**Exercise data**.

+===+

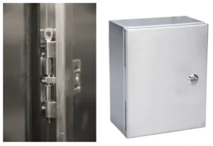 Integra’s stainless steel enclosures feature a 0.34” return flange to create a wide sealing face for the polyurethane gasket and a drainage channel to direct water away from the enclosure opening. Additionally, features like concealed hinges, smooth edges and flush door latches create a seamless enclosure surface with minimal opportunities for bacteria to hide.
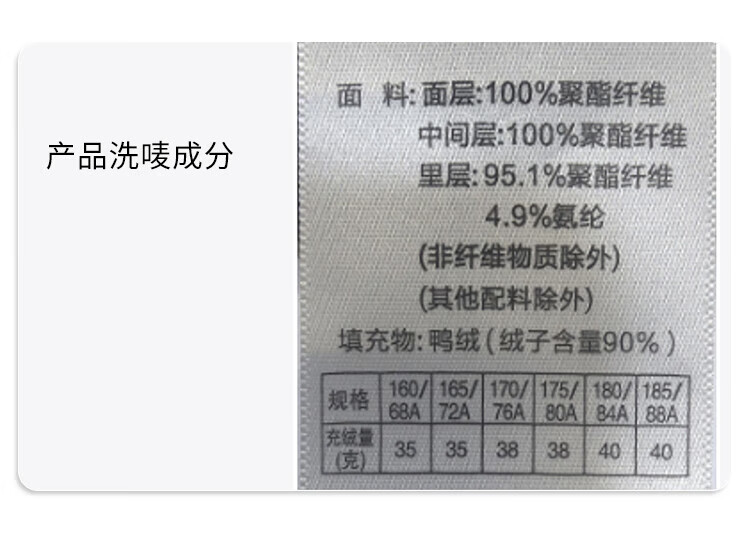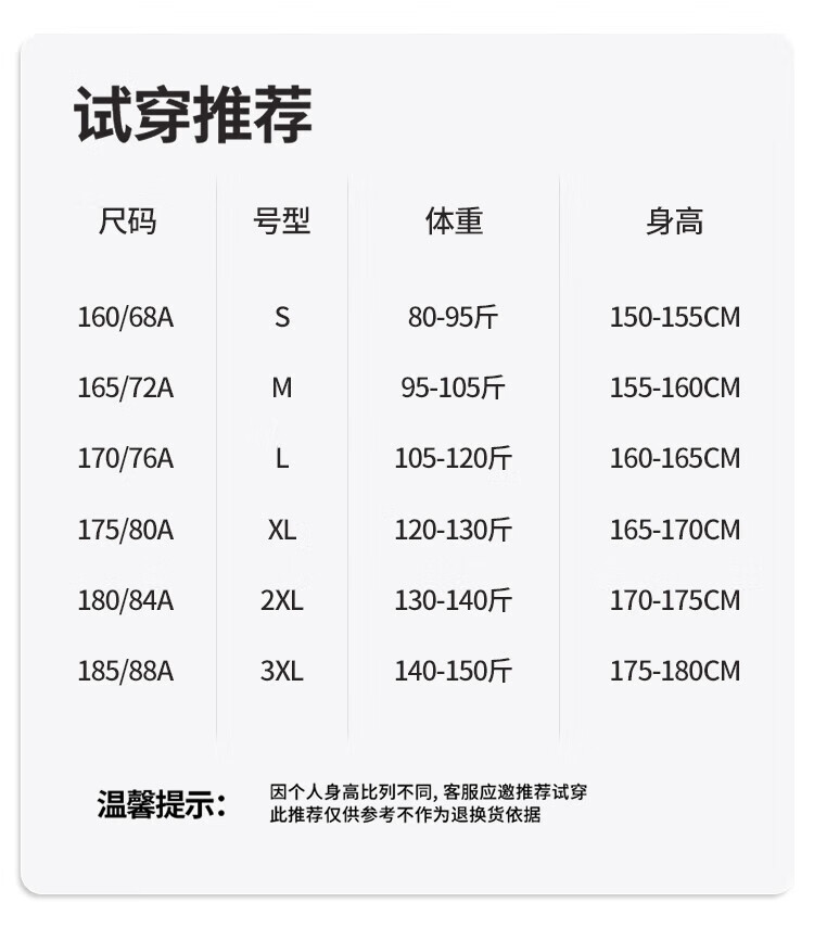 China (cm) 165 / 88-90 170 / 96-98 175 / 108-110 180 / 118-122 185 / 126-130
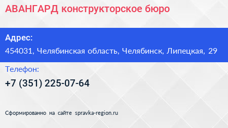 АВАНГАРД, конструкторское бюро по адресу 454031, Челябинская область, Челябинск, Липецкая, 29 в дальнейшем Организация, размещена в следующих категориях:
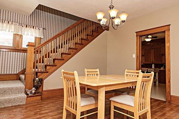 Updated character home w/Craftsman style open staircase, orig. woodwork & colonnades, piano windows & formal dining w/built-ins w/leaded glass doors. 1st fl master & 3 upstairs bedrooms with large closets. Bonus room can be used as closet, office, or playroom. Newly remodeled main bathroom. Full bathroom & laundry hook-ups & storage in basement. 24x28 garage + 8x10 shed & 8x18 carport per seller. Paved firepit area & swingset.
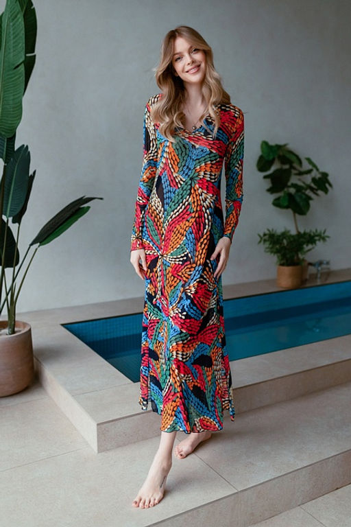 Туника женская выполнена из эластичной сетки с ярким принтом. Модель длиной миди с длинным рукавом. Горловина окантована принтованной сеткой. По подолу разрезы в боковых швах. Срезы рукавов и подола обработаны швом "краевка".­
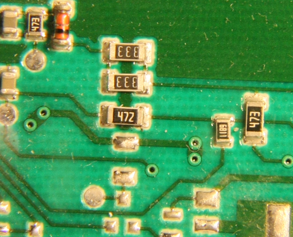 Сгорела дорожка от датчика температуры и два чип резистора.Каковы номиналы? Фото скачал с инета и отметил красным- резисторы.
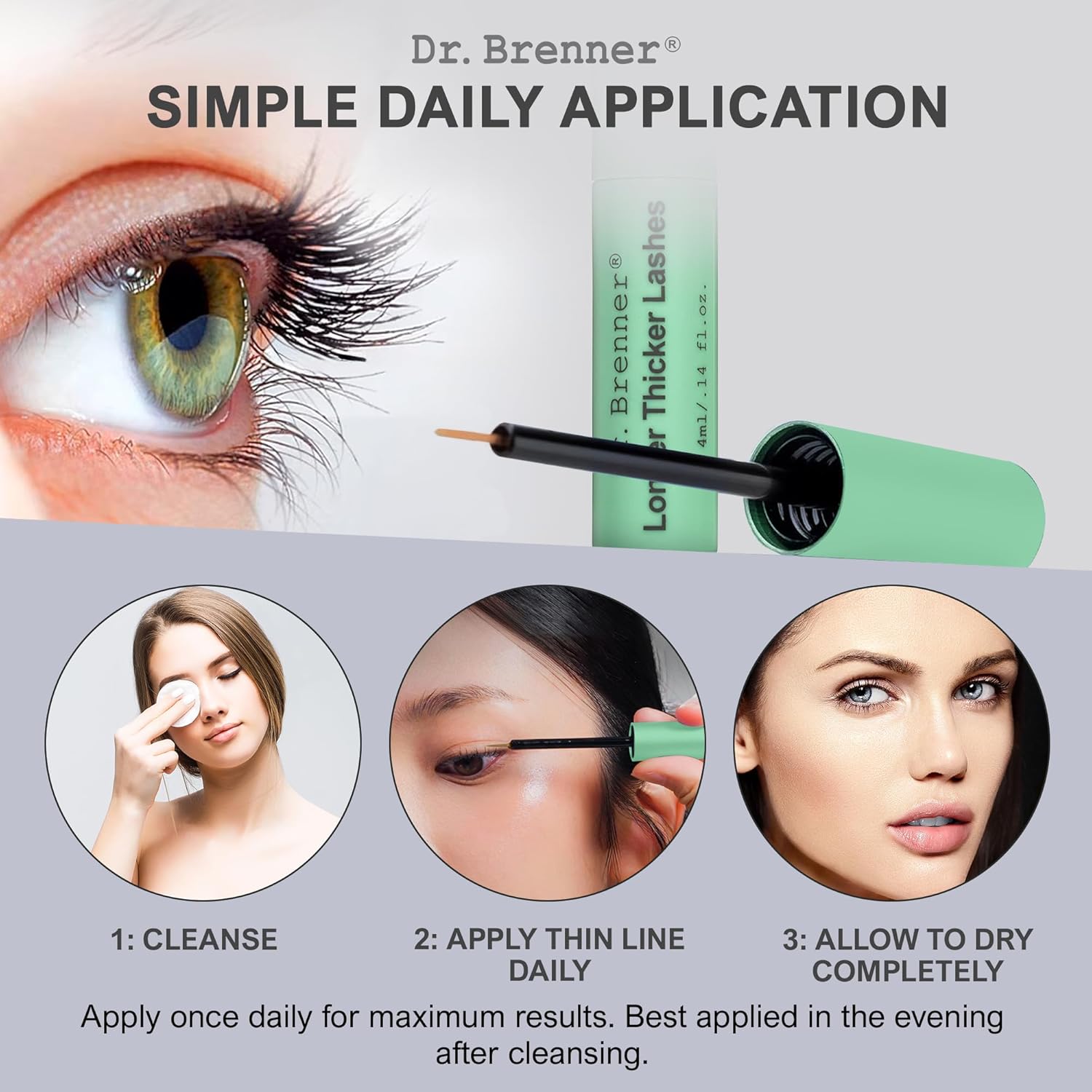 - GENTLE AND SAFE FOR DAILY USE: Hypoallergenic and ophthalmologist-tested, Dr. Brenner's eyelash serum is specifically formulated to be gentle enough for daily use, even for those with sensitive eyes. Experience lash enhancement without irritation, redness, or discomfort.

+===+

**Task to carry out**. Please give the data again in full, exactly as written, but without any images.

**Response area**.
 Integra’s stainless steel enclosures feature a 0.34” return flange to create a wide sealing face for the polyurethane gasket and a drainage channel to direct water away from the enclosure opening. Additionally, features like concealed hinges, smooth edges and flush door latches create a seamless enclosure surface with minimal opportunities for bacteria to hide.
 China (cm) 165 / 88-90 170 / 96-98 175 / 108-110 180 / 118-122 185 / 126-130
 АВАНГАРД, конструкторское бюро по адресу 454031, Челябинская область, Челябинск, Липецкая, 29 в дальнейшем Организация, размещена в следующих категориях:
 Updated character home w/Craftsman style open staircase, orig. woodwork & colonnades, piano windows & formal dining w/built-ins w/leaded glass doors. 1st fl master & 3 upstairs bedrooms with large closets. Bonus room can be used as closet, office, or playroom. Newly remodeled main bathroom. Full bathroom & laundry hook-ups & storage in basement. 24x28 garage + 8x10 shed & 8x18 carport per seller. Paved firepit area & swingset.
 Туника женская выполнена из эластичной сетки с ярким принтом. Модель длиной миди с длинным рукавом. Горловина окантована принтованной сеткой. По подолу разрезы в боковых швах. Срезы рукавов и подола обработаны швом "краевка".­
 Сгорела дорожка от датчика температуры и два чип резистора.Каковы номиналы? Фото скачал с инета и отметил красным- резисторы.
 - GENTLE AND SAFE FOR DAILY USE: Hypoallergenic and ophthalmologist-tested, Dr. Brenner's eyelash serum is specifically formulated to be gentle enough for daily use, even for those with sensitive eyes. Experience lash enhancement without irritation, redness, or discomfort.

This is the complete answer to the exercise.